Bahkan menariknya, para kaum fundamentalis dari sebagian teungku dayah yang dulunya ikut mencemooh mahasantri Ma’had Aly sekarang berbalik arah ingin pula menjadi lulusan dari lembaga agama setara Perguruan Tinggi tersebut. Tentunya dengan harapan ijazah bergelar sarjana yang kelak akan berguna di kemudian hari. Lah, bagus dong, jika alumni dayah semua bergelar sarjana. Sehingga stigma “hana masa depan” bagi lulusan dayah dapat sedikit berkurang dalam masyarakat, tentunya jika sudah memakai “baju seragam” dengan berkat gelar sarjana tersebut.

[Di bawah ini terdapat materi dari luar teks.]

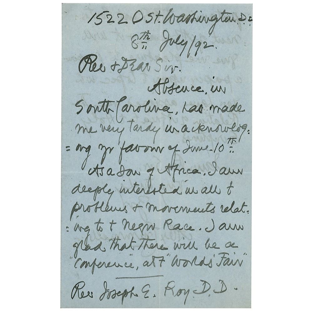 Pioneering African-American minister, abolitionist, academic, and African nationalist (1819–1898) who lived and worked in Liberia for two decades before returning to the United States; W. E. B. Du Bois paid tribute to Crummell in a memorable essay collected in his 1903 book, The Souls of Black Folk. ALS signed “Alex Crummell,†one page both sides, 5 x 7.75, July 8, 1892. Handwritten letter to Rev. Joseph E. Roy, in part: "As a son of Africa, I am deeply interested in all the problems & movements related to the Negro Race. I am glad that there will be a 'conference,' at the 'World's Fair,' pertaining to the Great Continent of Africa; & it will give me pleasure to prepare a paper upon the topic which you have assigned me: 'The Relation of Africa to the Holy Scriptures.'" In fine condition.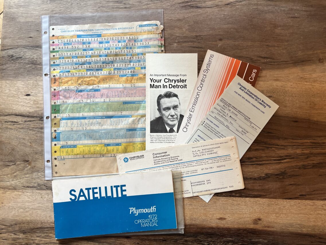 Dieser Plymouth ist ausserordentlich gut dokumentiert. Es sind Built-Sheet, Handbuch und weitere Papiere der Erstauslieferung vorhanden (siehe Fotos). Der Wagen wurde 2014 von Mississippi in die Schweiz überführt und hat mittlerweile 75’000 Meilen auf der Uhr. Aber auch diese Schönheit altert und so musste in den letzten Jahren einiges gemacht werden.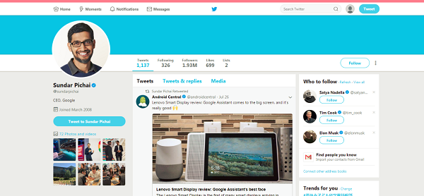 谷歌CEO“劈柴哥”Sundar Pichai,也在他的Twitter主页上转推了《Android Central》关于联想Smart Display的推文,可见“劈柴哥”应该也是体验过后,觉得各方面的表现均十分出色,才会“良心推荐”的吧。

Sebagai Kesimpulan, perlu adanya peningkatan mutu dari pihak pengurus Ma’had Aly baik dari metode belajar, para dosen pengajar yang berkualitas (biarpun tanpa embel-embel gelar dibelakang namanya), dan tentunya ada sarana dan prasarana belajar mengajar yang memadai. Sehingga dengan benar-benar memepersiapkan kelengkapan penunjang akademi tersebut dapat menghasilkan lulusan agama yang berkualitas dan berintegritas.